The diagnosis of MH can be straightforward if all the signs occur rapidly, but the diagnosis can be subtle depending on the time of presentation of the signs of MH and the progression of the changes. In general, the first signs are an increase in exhalation of carbon dioxide, increase in heart rate and muscle rigidity (not always present). Several other conditions can lead to similar changes and the anesthesia provider needs to sort out the cause of the changes.
One of the sentinel signs of MH is jaw muscle rigidity after administering the paralyzing drug succinylcholine. This is more common in children than adults. When it occurs, clinical signs of MH may follow soon after. Even if no overt signs of MH occur, the patient needs to be observed for signs of muscle breakdown.
Several muscle disorders have been associated with MH susceptibility. These are generally very uncommon conditions, but nevertheless patients with these conditions need to be treated as being MH susceptible.
Hyperkalemia= high serum potassium levels. This occurs as a result of muscle membrane breakdown. In addition increased release of the muscle pigment , myoglobin , may occur and lead to kidney damage.
It is important to have a well defined and rehearsed plan for treatment of MH since many things have to be done simultaneously and treatment must be initiated immediately.
Dantrolene needs to be immediately available. The drug needs to be reconstituted with bacteriostatic sterile water, 60ml/vial. The average patient needs at least 9 vials to begin treatment and may need much more depending on the response to treatment. Dantrolene sodium for injection is available as Dantrium® IV from JHP Pharmaceuticals and as dantrolene sodium for injection from US WorldMeds.
Once the crisis is controlled, it is important to continue treatment with dantrolene and have the patient recover in an ICU since the syndrome can recur.
Prompt recognition and treatment is crucial in managing MH. It should be emphasized that all patients undergoing general anesthesia for more than about 30 minutes should have their body temperature monitored.
Diagnostic tests are most useful when making treatment decisions for surgical patients where there is a high level of suspicion that the patient is susceptible to MH. Before any diagnostic testing is recommended, an evaluation of the patient’s susceptibility to MH should be completed using available medical data. Although the CHCT is the gold standard, it is an invasive, costly test.

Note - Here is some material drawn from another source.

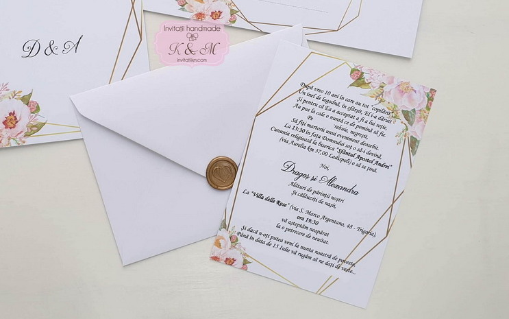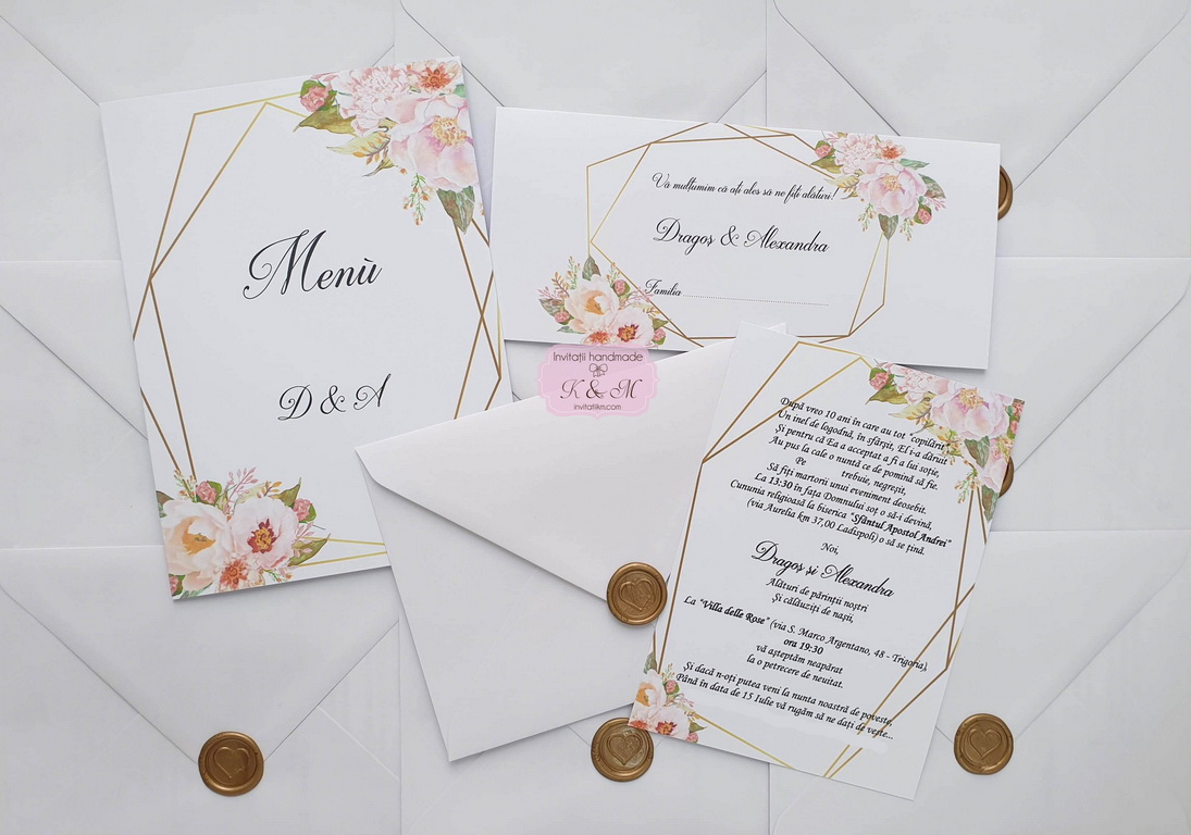 Invitatii de nunta cu bujori roz delicati si plicuri asortate

At this time, genetic testing is recommended as a confirmatory diagnostic measure for individuals known to be at high risk for an MH event, as determined by their own or a first-degree (sibling, parent, offspring) family member’s clinical episode of MH or positive muscle contracture test (caffeine-halothane contracture test).

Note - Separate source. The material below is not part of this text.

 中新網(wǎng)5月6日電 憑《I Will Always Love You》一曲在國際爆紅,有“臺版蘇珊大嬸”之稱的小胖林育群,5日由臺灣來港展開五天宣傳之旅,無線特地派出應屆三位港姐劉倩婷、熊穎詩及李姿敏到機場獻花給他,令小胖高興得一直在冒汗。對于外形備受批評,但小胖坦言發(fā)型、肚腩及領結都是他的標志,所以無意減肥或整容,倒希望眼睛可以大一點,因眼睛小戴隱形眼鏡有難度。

It is hoped that , as more information is gathered about the genetics of MH, the DNA test will become more useful for diagnosing all patients as MH susceptible or not susceptible.
The anesthesia machine needs to be purged of residual gases prior to use in a susceptible. The above recommendation will need to be modified for the newer generation of anesthesia machines. They may need a longer time for purging of the gases. The practitioner should consult the manufacturer of the machine.

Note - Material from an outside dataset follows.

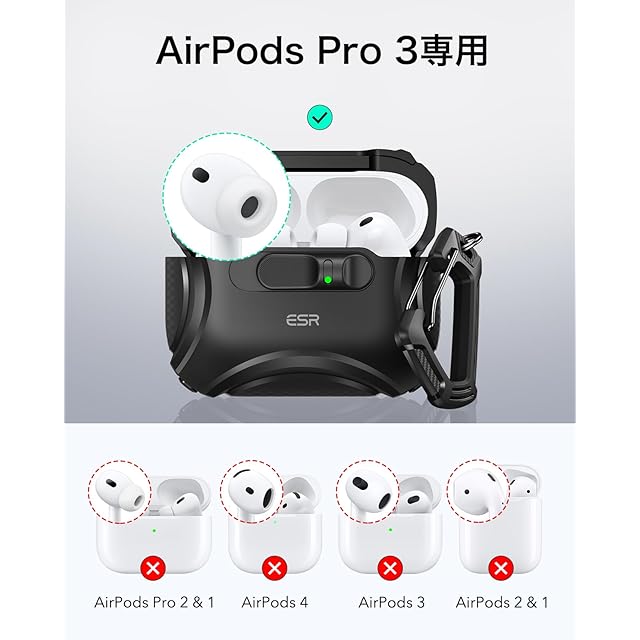 【互換性】:AirPods Pro 3(2025年モデル、USB-Cケーブル対応)専用。AirPods Pro 2/1(2023/2022/2019モデル)には対応していません。イヤホン本体および充電ケースは含まれません。

MH patients may be anesthetized with local anesthesia for example with spinal or epidural techniques, or using general anesthetics that are not MH triggers. An MH susceptible should not be deprived of general anesthesia if indicated by the surgery.
Although it is clear that the animal model for MH, certain swine, regularly develop awake signs of MH when stressed, this does not seem to occur with humans. However, there is evidence that the rare patient may develop muscle breakdown or even MH under certain conditions such as extreme heat and exercise. Much more work is necessary to clarify the relation to MH.